In the chaos of the first months of the coronavirus pandemic, oncologist and geneticist Ami Bhatt was intrigued by widespread reports of vomiting and diarrhoea in people infected with SARS-CoV-2. “At that time, this was thought to be a respiratory virus,” she says. Bhatt and her colleagues, curious about a possible link between the virus and the gastrointestinal symptoms, began to collect stool samples from people with COVID-19.
Thousands of miles away from Bhatt’s laboratory at Stanford Medicine in California, gastroenterology internist Timon Adolph was puzzled by accounts of gut symptoms in infected people. Adolph and his colleagues at the Medical University of Innsbruck in Austria started to assemble specimens, too — gastrointestinal-tissue biopsies.

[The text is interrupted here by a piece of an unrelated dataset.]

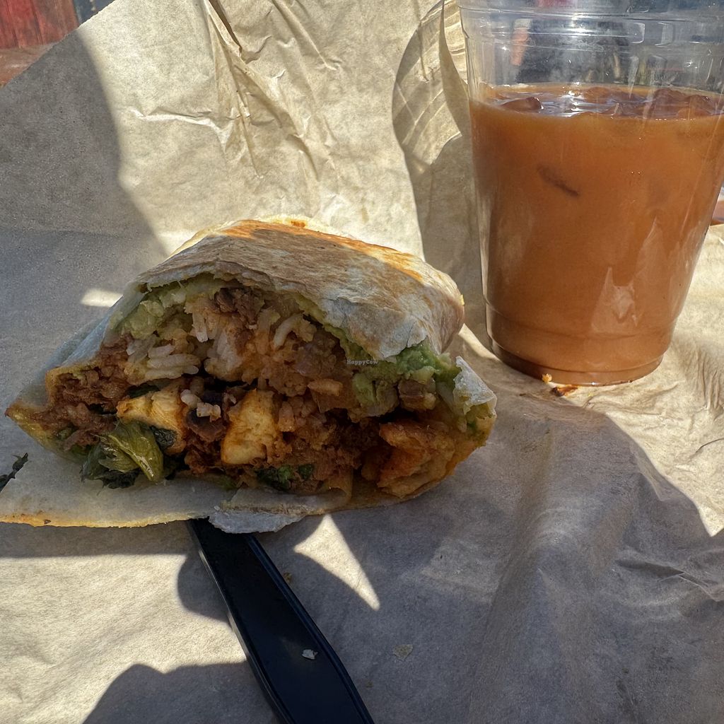 Serves meat, vegan options available. Small cafe across the street from the beach. Has acai bowls, avocado toast, and vegetarian tacos & burritos (omit dairy to make vegan). Also has almond milk for coffee. Open Mon-Thu 7:00am-1:00pm, Fri-Sun 7:00am-2:00pm.

Two years into the pandemic, the scientists’ foresight has paid off: both teams have recently published results1,2 suggesting that pieces of SARS-CoV-2 can linger in the gut for months after an initial infection. The findings add to a growing pool of evidence supporting the hypothesis that persistent bits of virus — coronavirus “ghosts”, Bhatt has called them — could contribute to the mysterious condition called long COVID.
Even so, Bhatt both urges scientists to keep an open mind and cautions that researchers have not yet nailed down a link between persistent viral fragments and long COVID. “Additional studies still need to be done — and they’re not easy,” she says.

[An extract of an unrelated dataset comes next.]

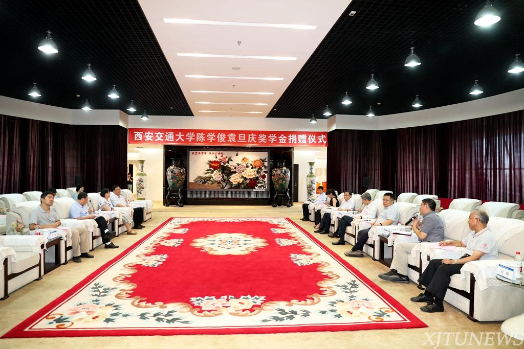 9月3日下午,“陈学俊袁旦庆奖学金”捐赠仪式在西安交通大学主楼23层宣怀厅举行。陈学俊、袁旦庆伉俪的子女代表陈以虹女士向西安交通大学赠予80万元。西安交通大学党委书记张迈曾,动力工程多相流国家重点实验室主任、中国科学院院士郭烈锦,以及相关学院、行政单位负责人出席捐赠仪式。西安交大教育基金会秘书长赵卫滨主持捐赠仪式。

Long COVID is often defined as symptoms that linger beyond 12 weeks after an acute infection. More than 200 symptoms have been associated with the disorder, which ranges in severity from mild to debilitating. Theories about its origins vary, and include harmful immune responses, tiny blood clots and lingering viral reservoirs in the body. Many researchers think that a mix of these factors contributes to the global burden of disease.
An early hint that the coronavirus might persist in the body came in work3 published in 2021 by gastroenterologist Saurabh Mehandru at the Icahn School of Medicine at Mount Sinai in New York City and his colleagues. By then, it was clear that cells lining the gut display the protein that the virus uses to enter cells. This allows SARS-CoV-2 to infect the gut.
Mehandru and his team found viral nucleic acids and proteins in gastrointestinal tissue collected from people who’d been diagnosed with COVID-19 an average of four months earlier. The researchers also studied participants’ memory B cells, which are pivotal players in the immune system. The team found that antibodies produced by these B cells were continuing to evolve, suggesting that, at six months after the initial infection, the cells were still responding to molecules made by SARS-CoV-2.
Inspired by this work, Bhatt and her colleagues found that a few people continued to shed viral RNA into their stool seven months after an initial mild or moderate SARS-CoV-2 infection, well after their respiratory symptoms had ended1.
Virus goes for the gut
Adolph says the 2021 paper inspired his team to look at their biopsy samples for signs of coronavirus. They found that 32 of 46 study participants who had had mild COVID-19 showed evidence of viral molecules in their gut seven months after acute infection. About two-thirds of those 32 people had long-COVID symptoms.
But all of the participants in this study had inflammatory bowel disease, an autoimmune disorder, and Adolph cautions that his data do not establish that there is active virus in these people, or that the viral material is causing long COVID.
In the meantime, more studies have suggested lingering viral reservoirs beyond the gut. Another team of researchers has studied tissue collected from autopsies of 44 people who had been diagnosed with COVID-19 and found evidence of viral RNA in many sites, including the heart, eyes and brain4. Viral RNA and proteins were detected up to 230 days after infection. The study has not yet been peer reviewed.
Nearly all of the people in that sample had had severe COVID-19, but a separate study of two people who had had mild COVID-19 followed by long COVID symptoms found viral RNA in the appendix and the breast5. Pathologist Joe Yeong at the Institute of Molecular and Cell Biology at the Agency for Science, Technology, and Research in Singapore, who is a co-author of the report, which has not been peer reviewed, speculates that the virus might infiltrate and hide out in immune cells called macrophages, which can be found in a variety of the body’s tissues.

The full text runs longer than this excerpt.